- Cost Per Capita: $7.79
- State Funding Level: 92% County Funding
8% State Funding
- State Independence: Independent Commission
- Primary Delivery Model: County-Based System
On July 1, 2013, Governor Rick Snyder signed into law long-awaited public defense reform legislation. For years, national and local advocates — led by the Michigan Campaign For Justice — have been pushing for changes to the state’s delivery on public defense, as highlighted in The National Legal Aid & Defender Association’s 2008 report, A Race to the Bottom.
Until this legislation, county governments had fully funded and administered trial-level right to counsel services. (The state funded only appellate representation). As reported by the Michigan Advisory Commission on Indigent Defense convened by Executive order, Michigan’s history of failure to coordinate led to an “83 county patchwork quilt of service delivery systems, with each county’s ‘system’ dependent on its own interpretation of what is adequate and on its own funding availability.”
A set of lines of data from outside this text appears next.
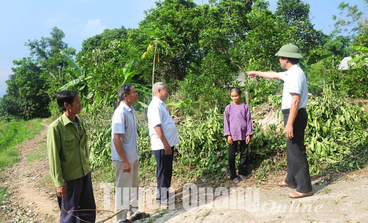 Lãnh đạo chi bộ tổ dân phố Đồng Bàng, thị trấn Tân Yên (Hàm Yên) vận động người dân hiến đất làm đường.
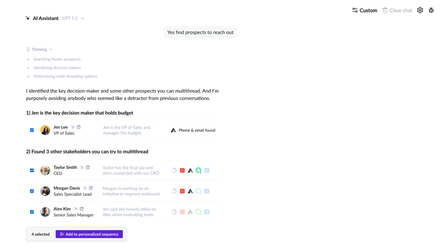 Nooks 是智能外呼的代理工作区--在这里,人工智能代理和您的销售代表携手合作,将实时信号转化为销售管道。
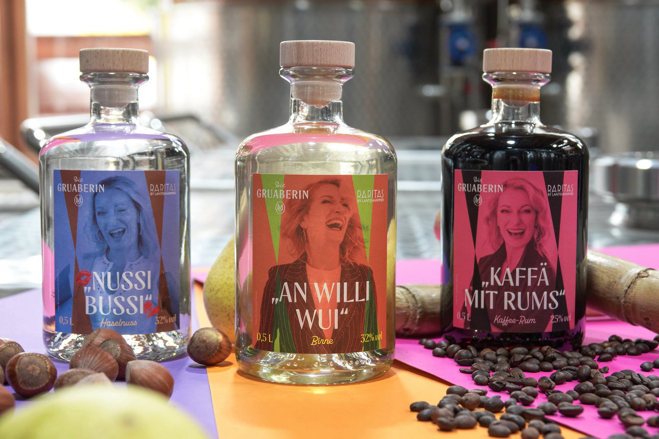 Wenn eine der bissigsten Stimmen Bayerns und eine der renommiertesten Destillerien des Landes gemeinsame Sache machen, darf man sich auf etwas Besonderes gefasst machen: Unter dem Namen „DIE GRUABERIN“ bringen Monika Gruber und die LANTENHAMMER Destillerie eine limitierte RARITAS-Serie auf den Markt – drei Edeldestillate, die Haltung, Heimat und Humor in einem Stamperl vereinen. Frech. Ehrlich. Boarisch. Guad.

The state only assisted with direct appeals. The new law establishes a statewide commission. The 15-member commission will be appointed by the Governor, but will be done so from a list of recommendations from a diverse group of entities and other governmental branches, including: the legislature, judiciary, attorneys, and professional associations.
Under the new law, the state will not immediately provide any direct funding. However, counties are required to continue funding at the average of the previous three-years, with any increases needed to improve services to be funded by the State.
Michigan’s trial courts system is divided into circuits, some encompassing two or more counties, and every circuit chooses its own method of providing right to counsel services. Many larger circuits contain multiple district courts. District courts often fund and deliver indigent defense services differently than circuit courts. The system can also vary from judge to judge. Michigan uses a mixture of flat-fee contracts and hourly payments to private attorneys. There are very few institutional public defender offices providing trial-level services in the state and there is no state oversight over the trial-level system.
For appeals, the Appellate Defender Commission oversees indigent defense services post-trial. Two separate systems deliver services: the State Appellate Defender Office (SADO) and the Michigan Appellate Assigned Counsel System (MAACS). The Appellate Defender Commission oversees both.
All SADO attorneys and support staff work full-time out of a central office in Detroit, and a smaller office in Lansing. SADO accepts a quarter of circuit court appointments across the state. MAACS private assigned counsel handles the remaining 75 percent of appeals. MAACS uses SADO’s staff.